Standard tabular infrastructure was always a poor fit for this kind of complex, text-based data, but that’s exactly where the newest crop of AI models excel. Sophisticated AI agents consisting of components such as large language models, long-term memory, and access to the lender’s internal tools and systems can help spin diffuse pieces of straw into gold. Use cases include:
Standardizing disparate data sources and formats into a single, digestible, computer- and human-readable database;
Labeling and categorizing contacts by type and severity; and
Determining and executing an appropriate form of response/recourse
As a former risk manager at both a large bank and an emerging fintech, I would’ve loved to have all our disparate complaints datasets organized and categorized into one single source, along with a prepopulated treatment recommendation.
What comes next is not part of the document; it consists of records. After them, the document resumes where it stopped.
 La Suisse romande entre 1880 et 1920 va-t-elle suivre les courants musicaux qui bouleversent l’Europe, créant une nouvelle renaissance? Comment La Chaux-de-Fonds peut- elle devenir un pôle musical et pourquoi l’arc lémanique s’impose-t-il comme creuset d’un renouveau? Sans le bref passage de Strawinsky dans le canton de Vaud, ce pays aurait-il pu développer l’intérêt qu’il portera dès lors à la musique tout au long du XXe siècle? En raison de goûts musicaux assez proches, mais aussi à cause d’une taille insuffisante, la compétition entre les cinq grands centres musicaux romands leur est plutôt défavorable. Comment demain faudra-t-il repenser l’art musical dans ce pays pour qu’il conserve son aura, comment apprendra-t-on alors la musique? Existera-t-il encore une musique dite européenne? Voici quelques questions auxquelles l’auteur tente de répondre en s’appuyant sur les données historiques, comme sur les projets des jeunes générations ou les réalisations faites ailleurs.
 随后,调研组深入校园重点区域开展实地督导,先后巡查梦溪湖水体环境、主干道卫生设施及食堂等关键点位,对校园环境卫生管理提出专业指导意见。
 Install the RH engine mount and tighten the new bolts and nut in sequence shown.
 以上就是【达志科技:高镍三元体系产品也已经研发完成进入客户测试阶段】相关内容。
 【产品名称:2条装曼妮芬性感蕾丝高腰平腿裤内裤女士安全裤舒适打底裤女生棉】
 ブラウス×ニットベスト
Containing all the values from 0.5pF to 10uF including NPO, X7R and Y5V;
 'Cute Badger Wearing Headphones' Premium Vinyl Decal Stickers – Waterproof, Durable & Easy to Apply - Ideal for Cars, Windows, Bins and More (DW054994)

In addition to saving me and my colleagues a ton of time and energy, it would have granted us real-time visibility into every inbound customer contact — no more clunky random samples on a monthly or quarterly basis.
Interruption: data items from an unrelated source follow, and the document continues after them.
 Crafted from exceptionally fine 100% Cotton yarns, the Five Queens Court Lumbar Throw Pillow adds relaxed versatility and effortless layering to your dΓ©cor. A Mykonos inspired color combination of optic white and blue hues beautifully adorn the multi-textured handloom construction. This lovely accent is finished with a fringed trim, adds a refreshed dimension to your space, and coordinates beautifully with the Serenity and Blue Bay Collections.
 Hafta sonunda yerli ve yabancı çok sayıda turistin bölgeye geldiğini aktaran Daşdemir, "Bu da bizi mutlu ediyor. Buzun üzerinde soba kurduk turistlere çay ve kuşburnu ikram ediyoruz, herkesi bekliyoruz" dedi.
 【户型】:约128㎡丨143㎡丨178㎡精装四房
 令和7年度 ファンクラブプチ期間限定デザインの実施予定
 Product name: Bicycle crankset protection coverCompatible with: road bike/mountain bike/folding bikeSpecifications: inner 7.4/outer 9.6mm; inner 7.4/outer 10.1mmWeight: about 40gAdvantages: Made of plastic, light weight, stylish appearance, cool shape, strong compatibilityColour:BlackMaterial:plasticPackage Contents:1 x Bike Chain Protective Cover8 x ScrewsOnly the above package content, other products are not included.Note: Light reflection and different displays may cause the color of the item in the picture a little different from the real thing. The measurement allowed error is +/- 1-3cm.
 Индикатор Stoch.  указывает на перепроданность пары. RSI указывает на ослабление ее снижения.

Another ops workstream that will benefit from the adoption of AI is regulatory compliance. Primary lending banks, sponsor banks, and fintechs all know the stress of adhering to differing state-by-state regulatory requirements. Think back to the mid-2010s fallout of the Madden v. Midland decision and all the resulting carveouts in terms and funding that lenders started applying based on each applicant’s billing address. Now add several additional layers of state-by-state complexity that will become the new norm in the aftermath of the federal government’s current rulemaking, supervisory, and enforcement pullback. Sprinkle on top the potential liability involved in enforcement “lookbacks” to prior years if political winds change in the future. This patchwork, constantly-in-flux compliance outlook will be a nightmare for lenders attempting to go it alone. Fortunately, AI agent reinforcements are on the way.
Conclusion
You can already find AI agents hard at work for many of the country’s leading banks and fintechs, systematically and continuously reviewing internal policies and external communications for federal and state-by-state compliance. Anything that presents a potential liability gets flagged for further review. Subject matter experts in the Ops, Risk, Engineering, and Legal/Compliance departments have the final say on whether and exactly how to adjust company policies and code based on the information provided.
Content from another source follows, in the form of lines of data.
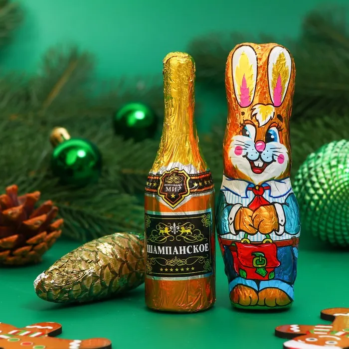 Шоколадный набор "Кролик, Шишка, Шампанское", 98 г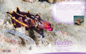 火焰墨魚的體色一般為深褐色,特別擅於根據環境轉換體色偽裝自己。當遭到刺激而興奮的時候,火焰墨魚的體色會變得絢麗奪目,從泥沙色(見小圖)變為閃爍著紫色、紅色、黃色和白色的斑紋。這隻體長十厘米緩慢前行的火焰墨魚搖身一變成為海洋中最奇特的動物。這些絢麗的斑紋還有動態效果,會在身體上不斷地「流動」,就像舊式理髮店門口的紅白藍轉筒一樣。而火焰墨魚身體和頭部的突起,讓牠看起來像個外星人。 火焰墨魚主要捕食底棲的甲殼類生物和魚類。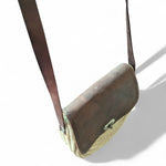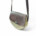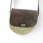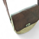 Stylish handwoven straw crossbody bag with genuine leather flap, handcrafted by Moroccan artisans. Perfect for everyday wear or travel, this natural piece blends rustic charm with modern elegance.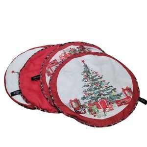 Set Of 4 Max Studio Christmas Tree Placemats 15" Round Home Decor Holidays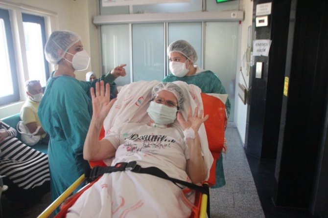 Muğla'nın Bodrum ilçesinde korona virüs nedeniyle yaklaşık 2 ay yoğun bakımda kalan ve doğum gününde uyanan 60 yaşındaki Zehra Akar, hastaneye ilk girişinden 2,5 ay sonra alkışlarla taburcu edildi.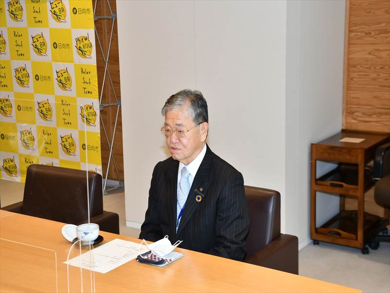 弊社は本県内の地域貢献の一環として、助け合う災害に強いまちづくりプロジェクトの推進を目的に寄付をさせていただきました。贈呈式は市長応接室で行われ、十屋幸平市長から米良社長へ感謝状が手渡されました。十屋市長から「第2期日向市総合戦略の自然豊かで快適な強いまちづくりを行う上で、ありがたく活用していく」と謝辞もいただきました。
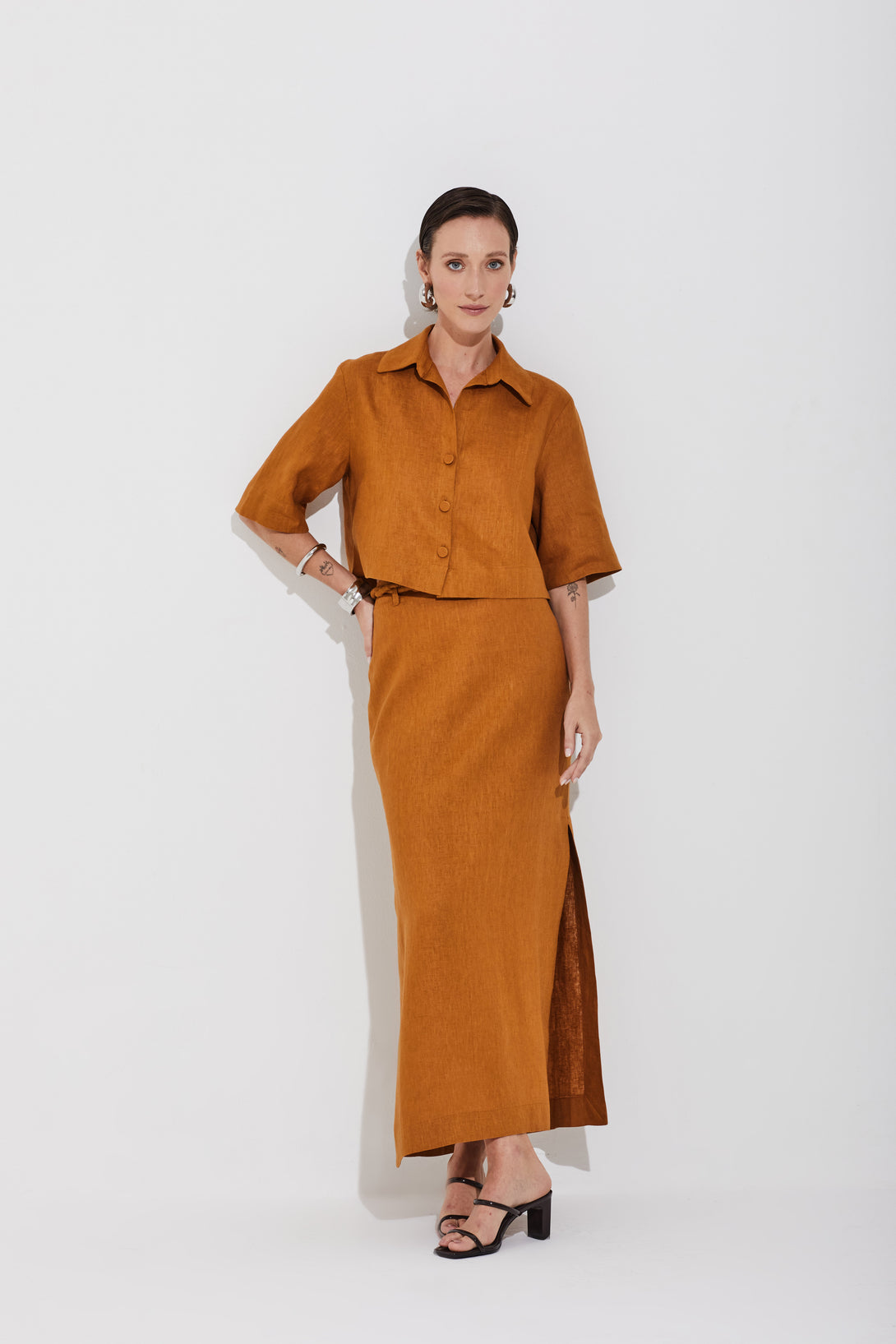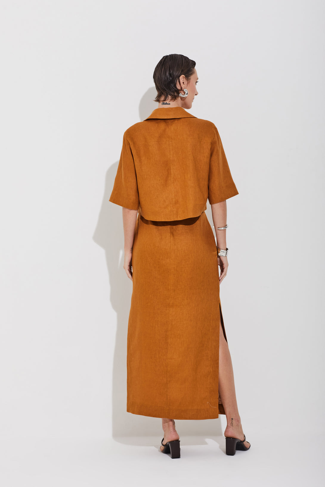 OUTRAS CORES:: Saia Lápis Linho Puro Ambar Terroso

That last point is not a minor footnote. AI credit ops management solutions don’t replace human decision-making; they help managers and their teams streamline the information-gathering processes so they can devote their time to refining and executing the best possible decisions. It’s a lesson we should all remember, whether we’re facing AI as a threat, an exaggeration, or an opportunity: we’re in control of how we respond to and benefit from it.
The opinions shared in this article are the author’s own and do not reflect the views of any organization they are affiliated with.